Catalyst: (Et ₂ PC ₂ H ₄ C ₅ H ₄ ) CrCl ₂ (16.77 μmol) / MAO (Cr: MAO = l: 100) in

CH ₂ C1 ₂ (2ml). Oligomerization: solvent, heptane (250ml); P (C ₂ H ₄ ), 2bar; T

21.0-27.2; Time, 4min; Product, 6.73g (C ₄ -C ₂₀ alkenes, GC); Activity, 1,800 kg

Product / molCr.h.

The same catalysts can also be used in the cooligomerization of ethylene with other alkenes (e.g. norbornene, example 22).

Example 22

Catalyst: (Et ₂ PC ₂ H ₄ C ₅ H ₄ ) CrCl ₂ (23.34 μmol) / MAO (CπMAO = 1: 100) in CH ₂ C1 ₂

(2 ml). Oligomerization: solvent toluene (200 ml) / norbornene (50 ml); P (C2rΪ4), 2 bar, T 21.0; Time 52 min .; Product 34 g (ethylene norbornene cooligomer),

Claims

1. A process for the catalytic ougomerization or coougomerization of alkenes, characterized in that the catalyst contains at least one organochrome compound of the general formula I,

in which

R ^{1 contains} a delta-cured η ⁵ -coordinated π system,

X is an electronegative atom, halogen, amide or organyl group,

Y is a donor atom of the 15th group of the periodic table,

Z is an atom of the 14th or 16th group of the periodic table,

R 'and R' 'can be the same or different and H, alkyl, aryl,

Organylgruppen, OR, or NR ₂ (R = alkyl, aryl) and n> 1.

2. The method of claim 1, wherein Y = P or As.

3. The method of claim 1, wherein a Lewis acid is added to the organochrome compound.

4. The method of claim 3, wherein the Lewis acid is methylalumoxane

5. The method according to claim 4, wherein the molar ratio of Al: Cr in the catalyst ranges between 40: 1 and 10000: 1.

6. The method according to claims 1-5, wherein the delocated η ⁵ -coordinated π- system is cyclopentadienyl, substituted cyclopentadienyl or indenyl.

7. The method according to claims 1-6, wherein R "= H, alkyl, aryl, OR or NR ₂ and R = alkyl or aryl.

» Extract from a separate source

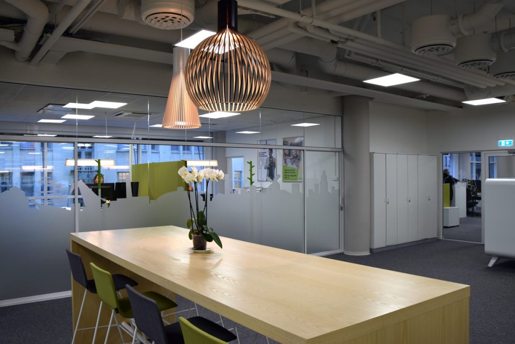 Uusista tiloista haluttiin entistä valoisammat, joten niihin tuli paljon lasipintaa. Ilmettä toimistoon lähdettiin hakemaan teippauksilla, joista vastasi Adworks.
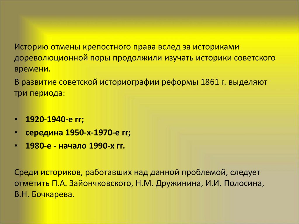 Историю отмены крепостного права вслед за историкамидореволюционной поры продолжили изучать историки советского

8. The method according to claims 1-7, wherein the molecular weight of the ougomerization product is controlled via the size of the substituent R ", larger substituents leading to higher molecular weight.

9. The method according to claims 1-8, wherein ethylene is used as alkene.

10. The method according to claims 1-8, wherein ethylene and a substituted alkene are coougomerized.